__INFORMATION SUPPLIED__:

....

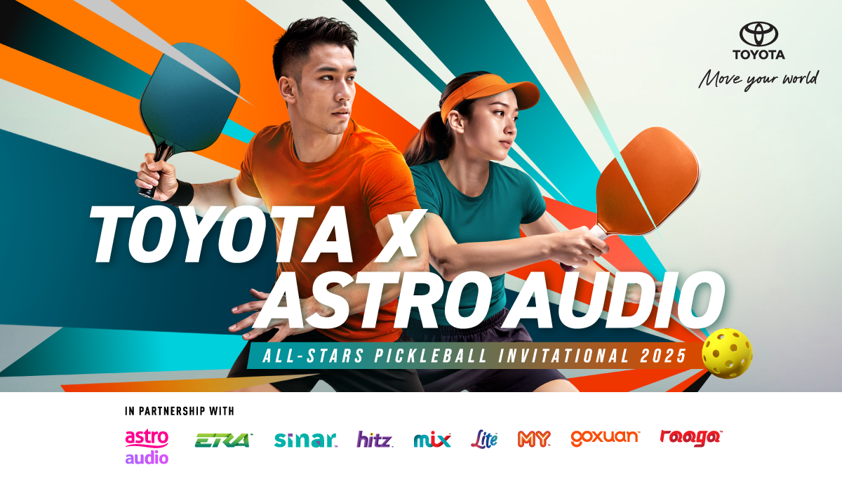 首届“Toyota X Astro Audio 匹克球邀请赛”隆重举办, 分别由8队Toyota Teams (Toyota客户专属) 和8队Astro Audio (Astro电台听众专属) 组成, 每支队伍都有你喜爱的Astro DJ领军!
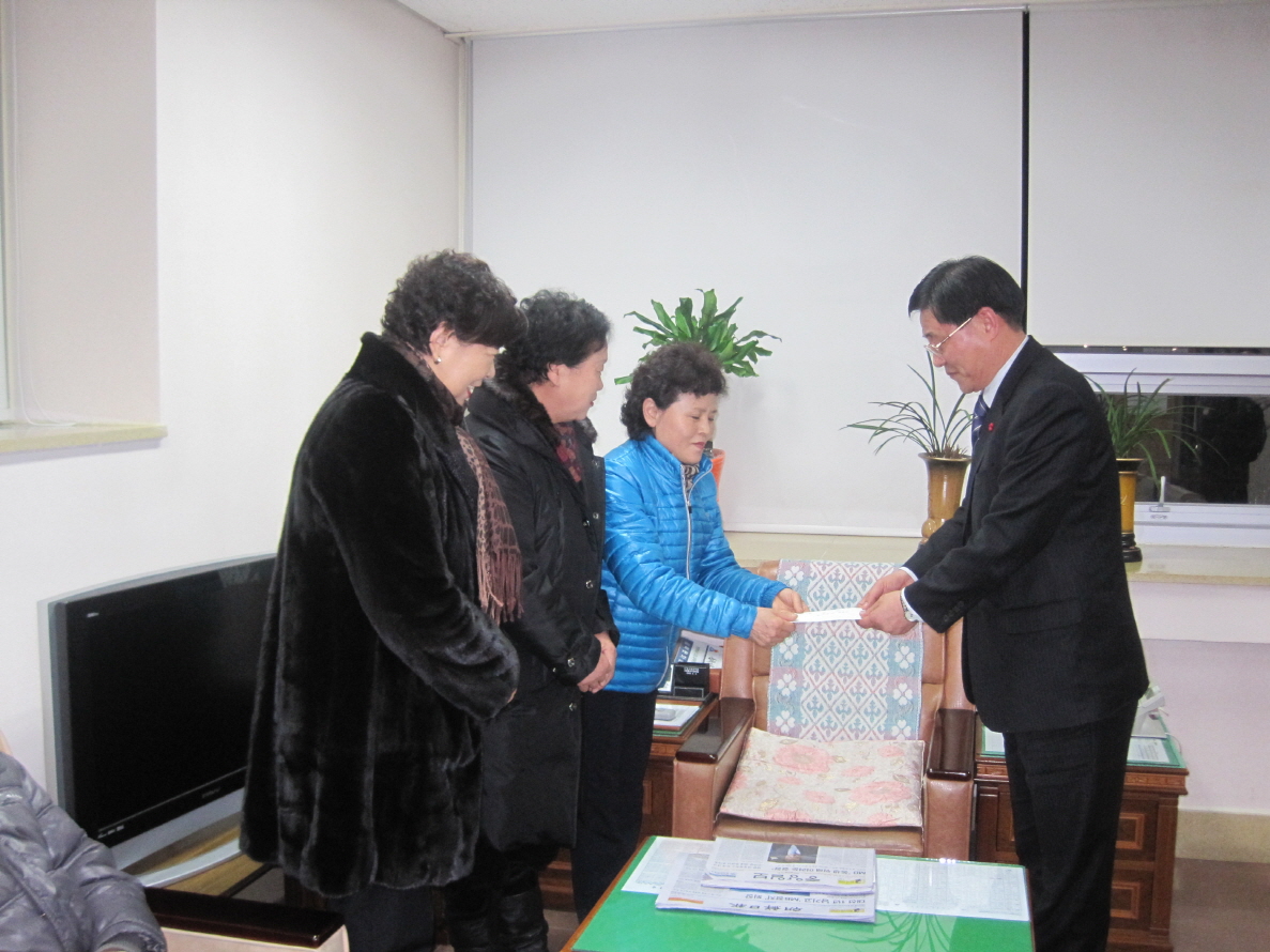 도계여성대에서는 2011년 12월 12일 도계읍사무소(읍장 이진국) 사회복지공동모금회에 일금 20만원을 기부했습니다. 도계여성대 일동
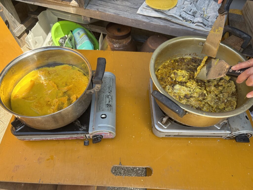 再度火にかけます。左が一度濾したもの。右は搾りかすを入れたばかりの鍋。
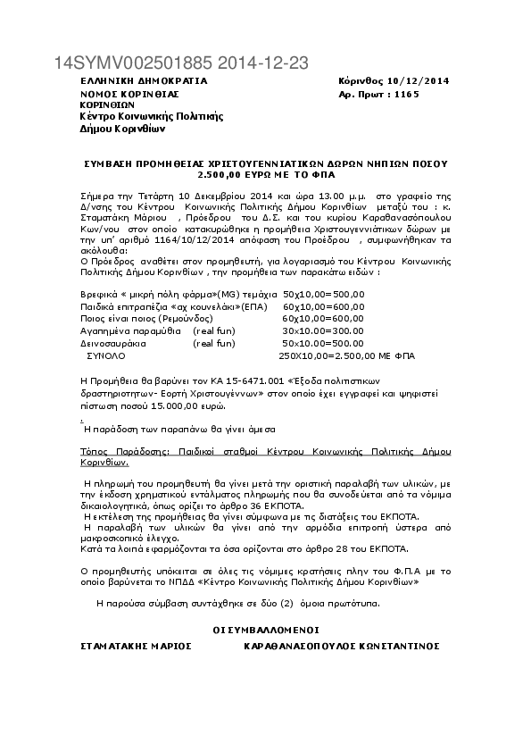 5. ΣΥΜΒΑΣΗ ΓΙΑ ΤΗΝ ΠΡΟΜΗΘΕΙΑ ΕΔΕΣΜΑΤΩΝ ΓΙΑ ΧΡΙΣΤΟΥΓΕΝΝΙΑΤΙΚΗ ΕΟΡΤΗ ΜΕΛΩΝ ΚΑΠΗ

....

__PROBLEM DESCRIPTION__: Once the images are dropped, set down the remaining material word for word.

__ANSWER TO THIS TASK__:
 首届“Toyota X Astro Audio 匹克球邀请赛”隆重举办, 分别由8队Toyota Teams (Toyota客户专属) 和8队Astro Audio (Astro电台听众专属) 组成, 每支队伍都有你喜爱的Astro DJ领军!
 도계여성대에서는 2011년 12월 12일 도계읍사무소(읍장 이진국) 사회복지공동모금회에 일금 20만원을 기부했습니다. 도계여성대 일동
 再度火にかけます。左が一度濾したもの。右は搾りかすを入れたばかりの鍋。
 5. ΣΥΜΒΑΣΗ ΓΙΑ ΤΗΝ ΠΡΟΜΗΘΕΙΑ ΕΔΕΣΜΑΤΩΝ ΓΙΑ ΧΡΙΣΤΟΥΓΕΝΝΙΑΤΙΚΗ ΕΟΡΤΗ ΜΕΛΩΝ ΚΑΠΗ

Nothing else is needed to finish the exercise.